_Information supplied:_
-- -- --
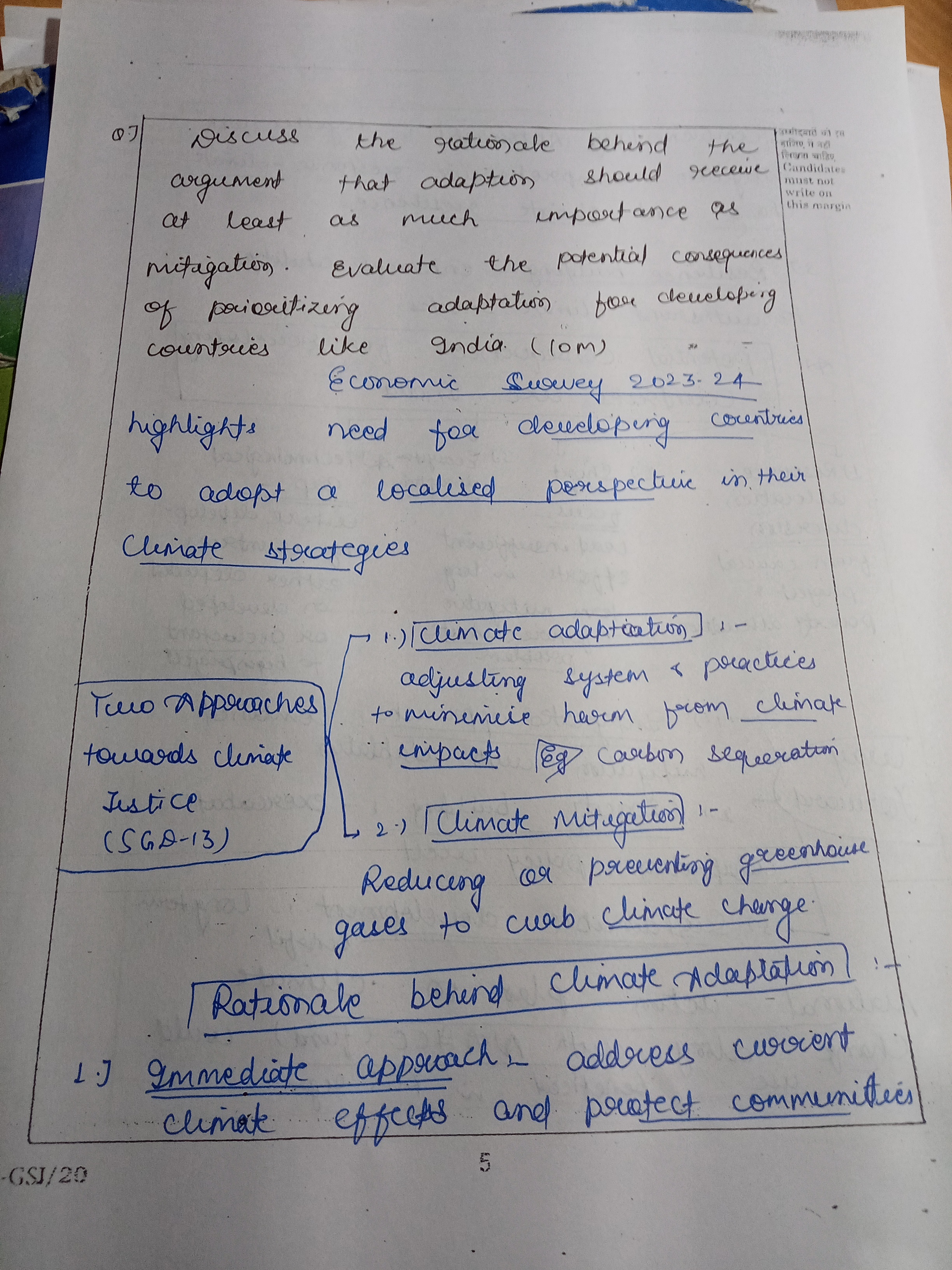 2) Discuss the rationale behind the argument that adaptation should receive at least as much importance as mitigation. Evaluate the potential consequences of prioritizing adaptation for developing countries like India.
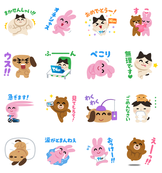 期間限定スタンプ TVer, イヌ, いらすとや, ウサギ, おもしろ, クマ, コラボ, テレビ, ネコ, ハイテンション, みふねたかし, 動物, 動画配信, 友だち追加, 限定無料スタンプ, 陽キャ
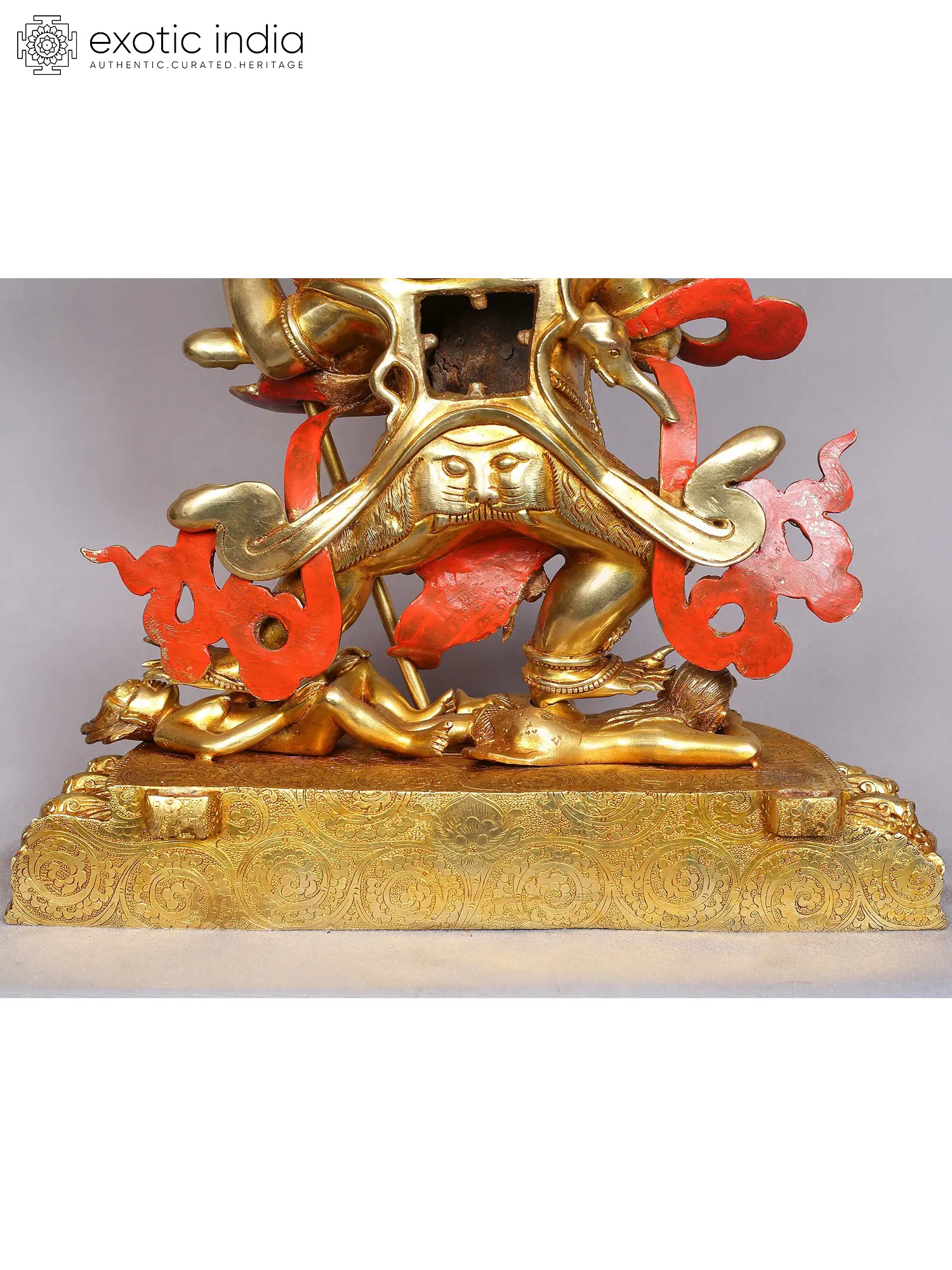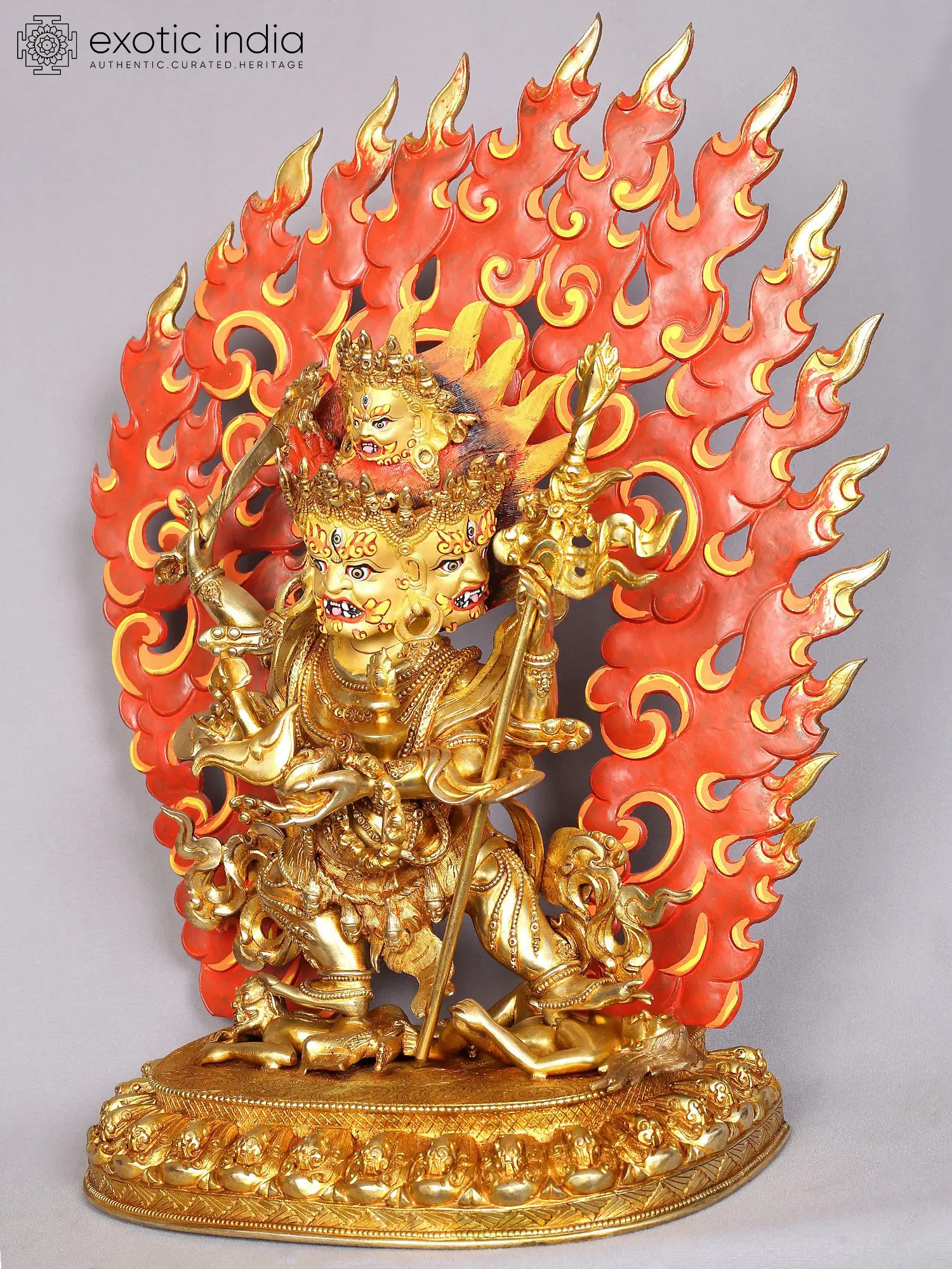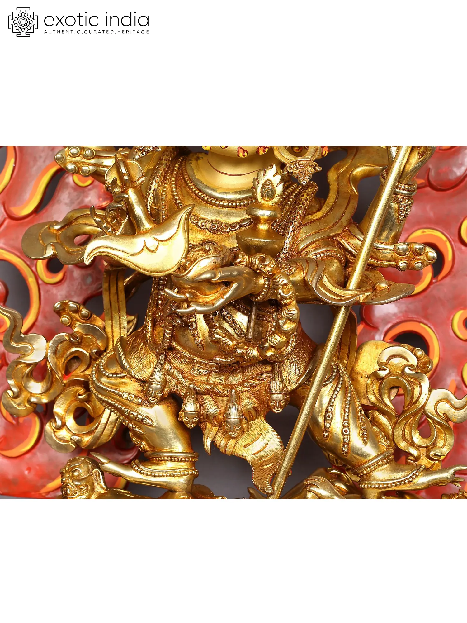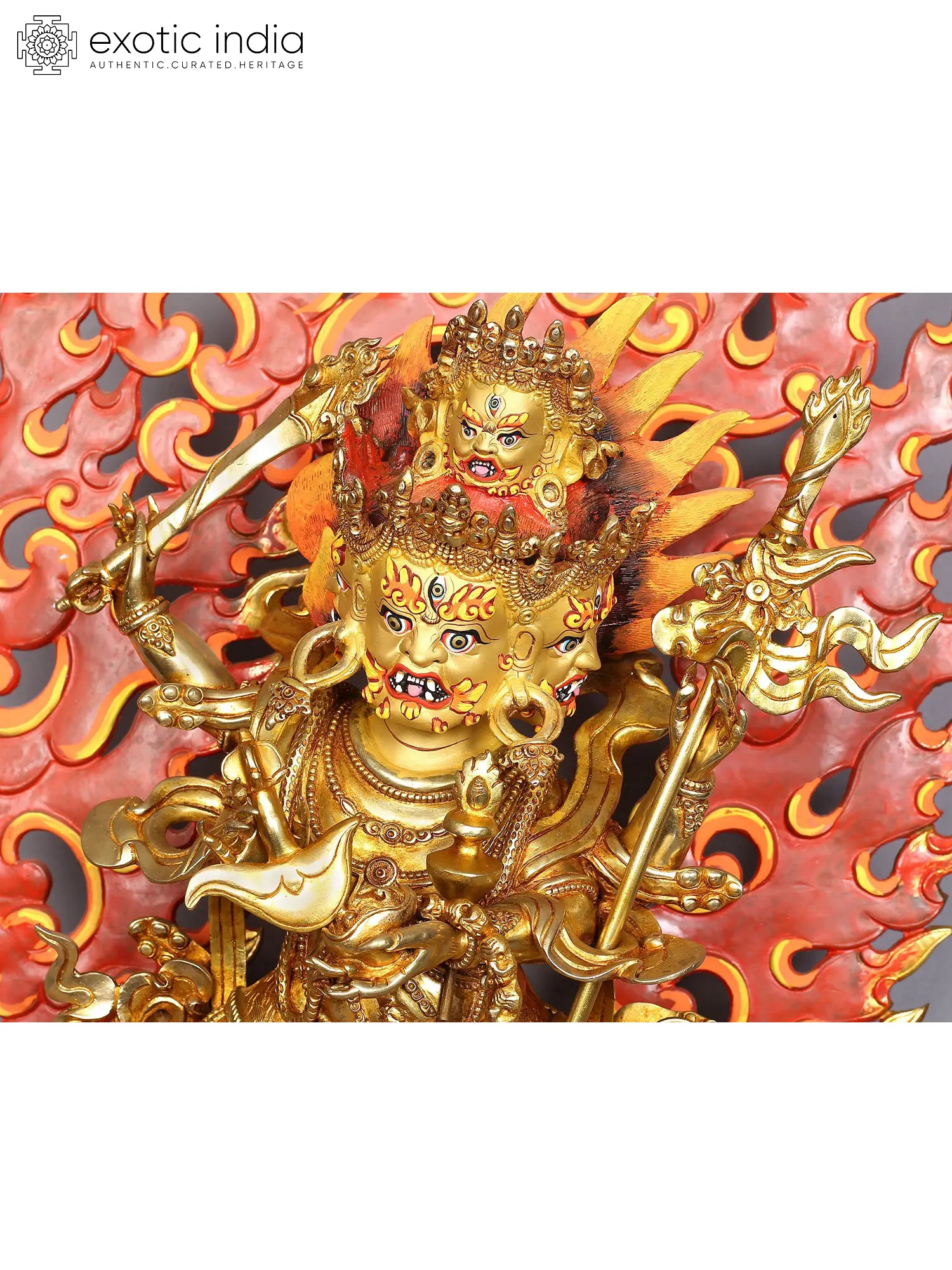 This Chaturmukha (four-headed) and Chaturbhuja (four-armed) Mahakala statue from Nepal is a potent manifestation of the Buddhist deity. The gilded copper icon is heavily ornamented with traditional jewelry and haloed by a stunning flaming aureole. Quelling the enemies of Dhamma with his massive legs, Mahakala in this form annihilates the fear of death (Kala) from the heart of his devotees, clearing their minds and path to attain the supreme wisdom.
-- -- --
_Prompt:_
Every line of the data above is to be repeated exactly; the images are to be left out.

_Result for this task:_
 2) Discuss the rationale behind the argument that adaptation should receive at least as much importance as mitigation. Evaluate the potential consequences of prioritizing adaptation for developing countries like India.
 期間限定スタンプ TVer, イヌ, いらすとや, ウサギ, おもしろ, クマ, コラボ, テレビ, ネコ, ハイテンション, みふねたかし, 動物, 動画配信, 友だち追加, 限定無料スタンプ, 陽キャ
 This Chaturmukha (four-headed) and Chaturbhuja (four-armed) Mahakala statue from Nepal is a potent manifestation of the Buddhist deity. The gilded copper icon is heavily ornamented with traditional jewelry and haloed by a stunning flaming aureole. Quelling the enemies of Dhamma with his massive legs, Mahakala in this form annihilates the fear of death (Kala) from the heart of his devotees, clearing their minds and path to attain the supreme wisdom.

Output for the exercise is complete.